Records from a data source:
.....
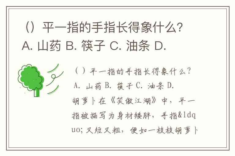 ()平一指的手指长得象什么? A. 山药 B. 筷子 C. 油条 D. 胡萝卜
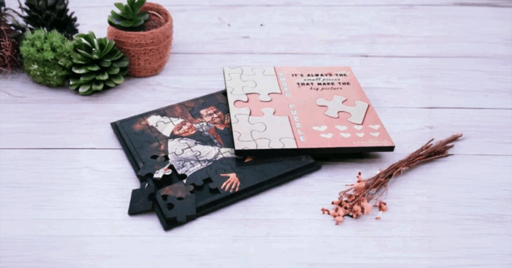 Make them piece the memories together—literally! A personalized puzzle photo frame adds a playful twist to gifting. It’s a great indoor activity and ends up as a heartwarming décor piece once completed.
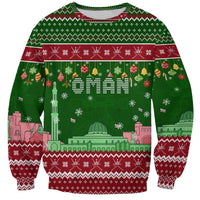 Oman Christmas Sweatshirt with Green-Red Pattern, Mosque and Fort Landmarks, and Festive Ornament Motif
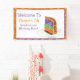 Cette bannière de bienvenue amusante et colorée présente un chef-d'oeuvre d'aquarelle d'un gâteau d'Halloween empilé avec des araignées éffrayantes et une givrage orange vif. Préparez-vous à une fête d'anniversaire incroyablement inoubliable !
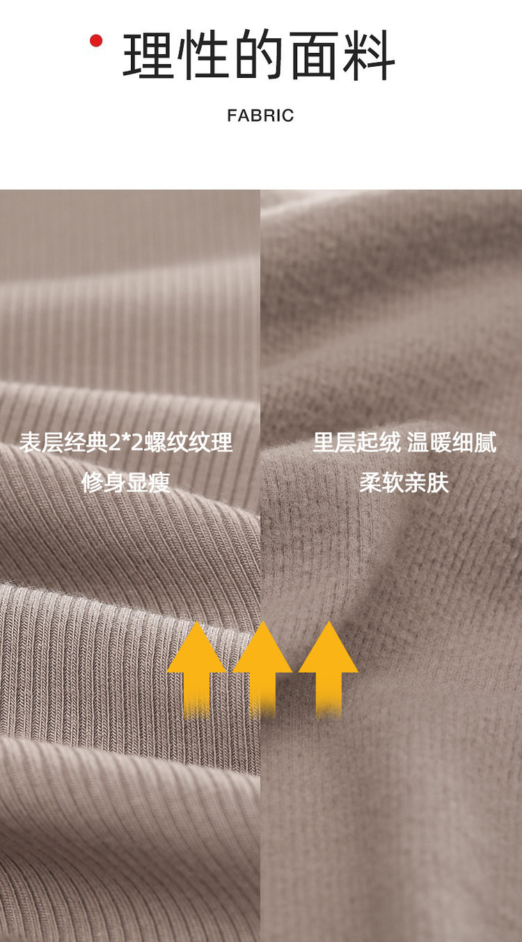 1、经典2*2螺纹纹理,贴肤磨毛处理,更柔软亲肤;竖条纹修身显瘦,长款保暖又百搭;
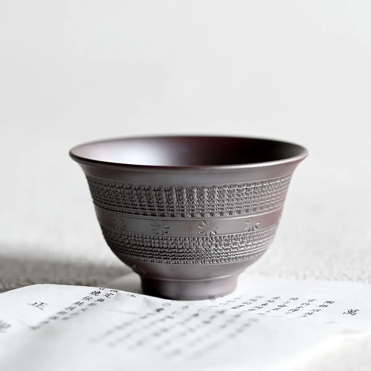 The “shidei” teaware is one of the hallmarks of Banko-yaki. It is made of red Banko clay, which is exceptionally rich in iron. When the clay is fired in a reduction chamber, the heated iron particles turn the color of the clay from deep red to purplish-brown: the signature color of Banko ware. They say the more the teaware is used, the more beautiful and lustrous it becomes. The unglazed purple clay reacts with the tannic acid in the tea, smoothing away the bitterness.
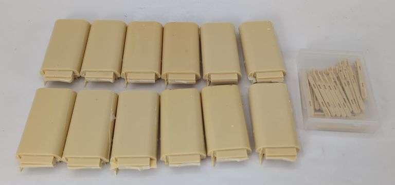 Lot of Twelve HO Scale highly detailed resin cast diesel locomotive fuel tanks plus a small clear container of unmarked parts. Entire lot is unmarked, new and unused.
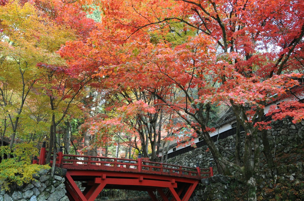 境内一帯にもみじ・かえでが植栽されており、医王橋の赤とお寺の白壁ともみじのコントラストがとてもきれいです。
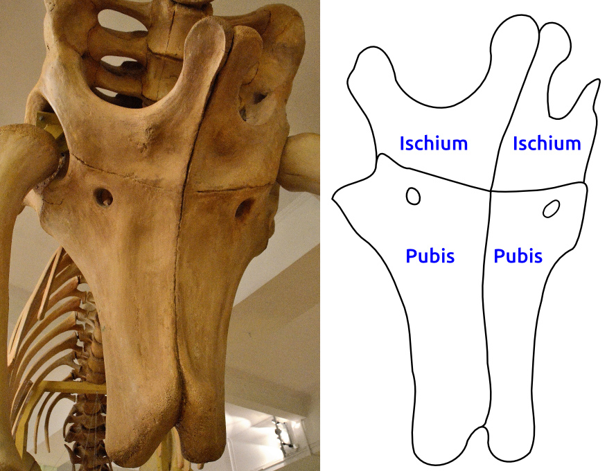 다른 티타노사우루스의 엉덩이처럼, 좌골은 비교적 짧아 치골 길이의 3분의 2에 불과했다. 왼쪽과 오른쪽의 좌골뿐만 아니라 왼쪽과 오른쪽의 치골도 대부분의 길이에서 서로 골화되어, 다른 용각류에서 일반적으로 이 뼈 사이에 존재하는 간격을 닫았다.
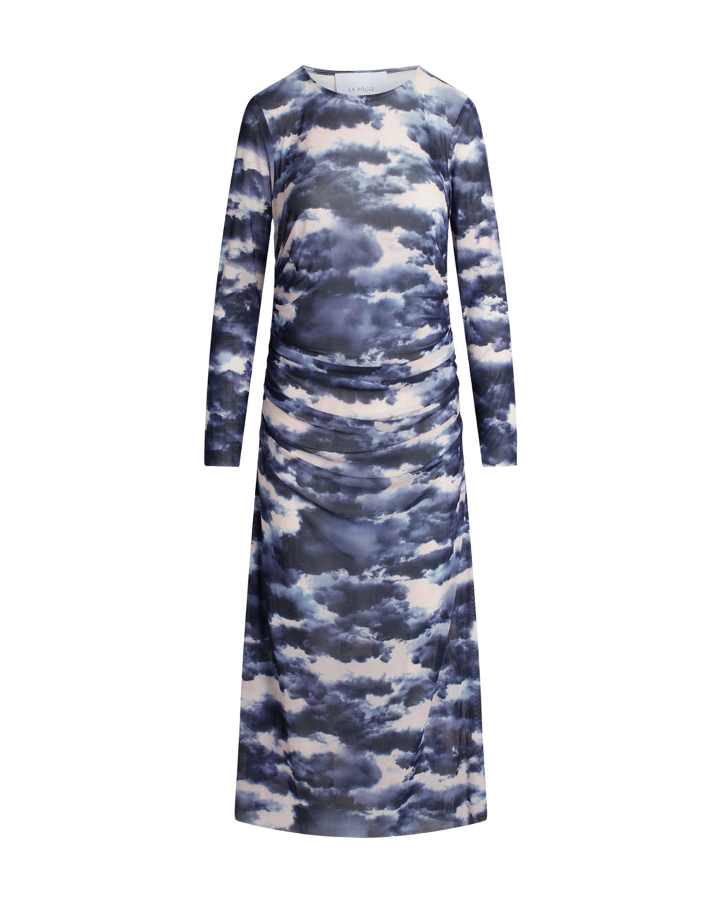 Isabella Mesh Dress er en must-have kjole til foråret, som med draperinger langs siden giver en flatterende silhouette - også til den kurvede kvindekrop. Kjolen har lange ærmer, rund halsudskæring og indsyet underkjole. Brug kjolen med sneakers til foråret og fuldend looket med vores Agnete Blazer.
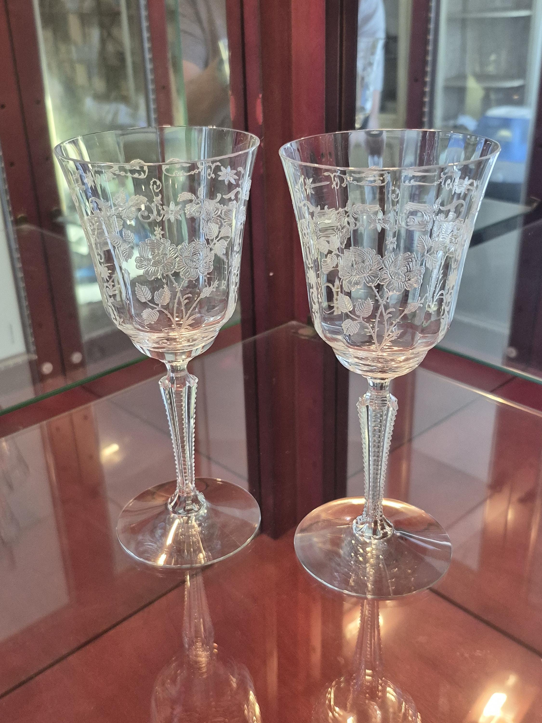 The Midnight Rose pattern by the Fostoria Glass Company, originally founded in Fostoria, Ohio in 1887 and later moved to Moundsville, West Virginia, is a timeless example of Depression-era elegance. Produced between 1933 and 1957, this pattern features delicately acid-etched roses and foliage gracefully decorating clear crystal glassware. Its romantic floral design makes it a sought-after collectible for vintage enthusiasts, particularly prized for pieces like divided relish dishes, wine glasses, and serving bowls. The brilliance of the crystal combined with the fine etched detailing captures the charm and craftsmanship that defined Fostoria’s golden era of glassmaking.
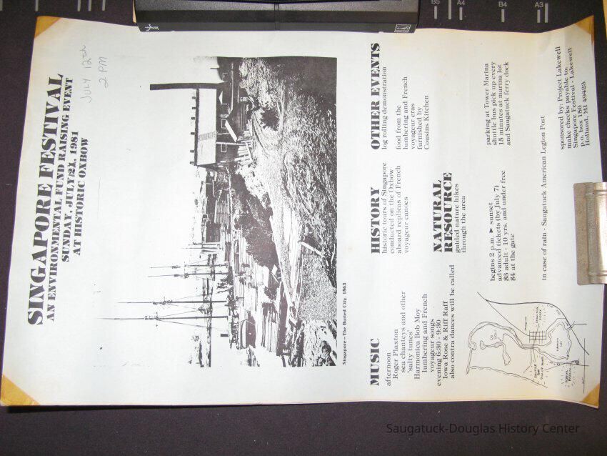 Two posters of the Singapore Festival, July 12, 1981 An Enviromental Fund Raiser at the Historic OxBow. The event featured music, food and tours of the natural areas around Singapore.
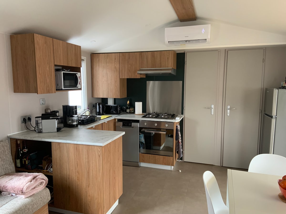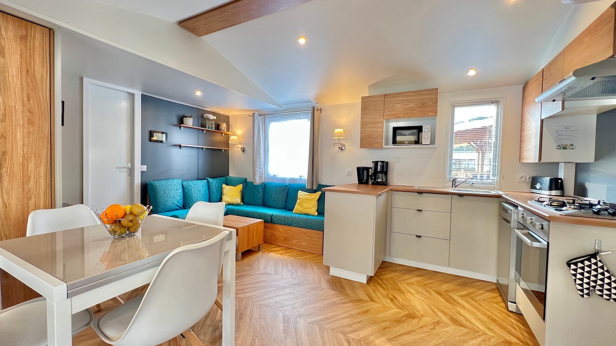 Ikhaya elisha eliselula elingu-35 m2 2023 endaweni yokukhempa yezinkanyezi ezingu-4. Ukubukeka kolwandle okubabazekayo, ebhishi ngo-100 m. Indawo yokuhlala enakho konke ukunethezeka. Izinto zombhede namathawula ongakhetha kukho. Umshini wekhofi we-Tassimo. Indawo yokubhukuda efudunyeziwe ifinyeleleka mahhala nendawo yokubhukuda yezingane. Indawo yokudlela iyatholakala kusayithi. Indawo yokudlala yezingane kanye nemisebenzi etholakalayo. Isitolo sokudla esisendaweni. I-pergola entsha ifakwe ngo-2024 Amabhola e-Petanque
.....
AIM OF THE TASK: Each line above should be returned exactly as it stands, minus any pictures.

EXERCISE ANSWER:
 ()平一指的手指长得象什么? A. 山药 B. 筷子 C. 油条 D. 胡萝卜
 Make them piece the memories together—literally! A personalized puzzle photo frame adds a playful twist to gifting. It’s a great indoor activity and ends up as a heartwarming décor piece once completed.
 Oman Christmas Sweatshirt with Green-Red Pattern, Mosque and Fort Landmarks, and Festive Ornament Motif
 Cette bannière de bienvenue amusante et colorée présente un chef-d'oeuvre d'aquarelle d'un gâteau d'Halloween empilé avec des araignées éffrayantes et une givrage orange vif. Préparez-vous à une fête d'anniversaire incroyablement inoubliable !
 1、经典2*2螺纹纹理,贴肤磨毛处理,更柔软亲肤;竖条纹修身显瘦,长款保暖又百搭;
 The “shidei” teaware is one of the hallmarks of Banko-yaki. It is made of red Banko clay, which is exceptionally rich in iron. When the clay is fired in a reduction chamber, the heated iron particles turn the color of the clay from deep red to purplish-brown: the signature color of Banko ware. They say the more the teaware is used, the more beautiful and lustrous it becomes. The unglazed purple clay reacts with the tannic acid in the tea, smoothing away the bitterness.
 Lot of Twelve HO Scale highly detailed resin cast diesel locomotive fuel tanks plus a small clear container of unmarked parts. Entire lot is unmarked, new and unused.
 境内一帯にもみじ・かえでが植栽されており、医王橋の赤とお寺の白壁ともみじのコントラストがとてもきれいです。
 다른 티타노사우루스의 엉덩이처럼, 좌골은 비교적 짧아 치골 길이의 3분의 2에 불과했다. 왼쪽과 오른쪽의 좌골뿐만 아니라 왼쪽과 오른쪽의 치골도 대부분의 길이에서 서로 골화되어, 다른 용각류에서 일반적으로 이 뼈 사이에 존재하는 간격을 닫았다.
 Isabella Mesh Dress er en must-have kjole til foråret, som med draperinger langs siden giver en flatterende silhouette - også til den kurvede kvindekrop. Kjolen har lange ærmer, rund halsudskæring og indsyet underkjole. Brug kjolen med sneakers til foråret og fuldend looket med vores Agnete Blazer.
 The Midnight Rose pattern by the Fostoria Glass Company, originally founded in Fostoria, Ohio in 1887 and later moved to Moundsville, West Virginia, is a timeless example of Depression-era elegance. Produced between 1933 and 1957, this pattern features delicately acid-etched roses and foliage gracefully decorating clear crystal glassware. Its romantic floral design makes it a sought-after collectible for vintage enthusiasts, particularly prized for pieces like divided relish dishes, wine glasses, and serving bowls. The brilliance of the crystal combined with the fine etched detailing captures the charm and craftsmanship that defined Fostoria’s golden era of glassmaking.
 Two posters of the Singapore Festival, July 12, 1981 An Enviromental Fund Raiser at the Historic OxBow. The event featured music, food and tours of the natural areas around Singapore.
 Ikhaya elisha eliselula elingu-35 m2 2023 endaweni yokukhempa yezinkanyezi ezingu-4. Ukubukeka kolwandle okubabazekayo, ebhishi ngo-100 m. Indawo yokuhlala enakho konke ukunethezeka. Izinto zombhede namathawula ongakhetha kukho. Umshini wekhofi we-Tassimo. Indawo yokubhukuda efudunyeziwe ifinyeleleka mahhala nendawo yokubhukuda yezingane. Indawo yokudlela iyatholakala kusayithi. Indawo yokudlala yezingane kanye nemisebenzi etholakalayo. Isitolo sokudla esisendaweni. I-pergola entsha ifakwe ngo-2024 Amabhola e-Petanque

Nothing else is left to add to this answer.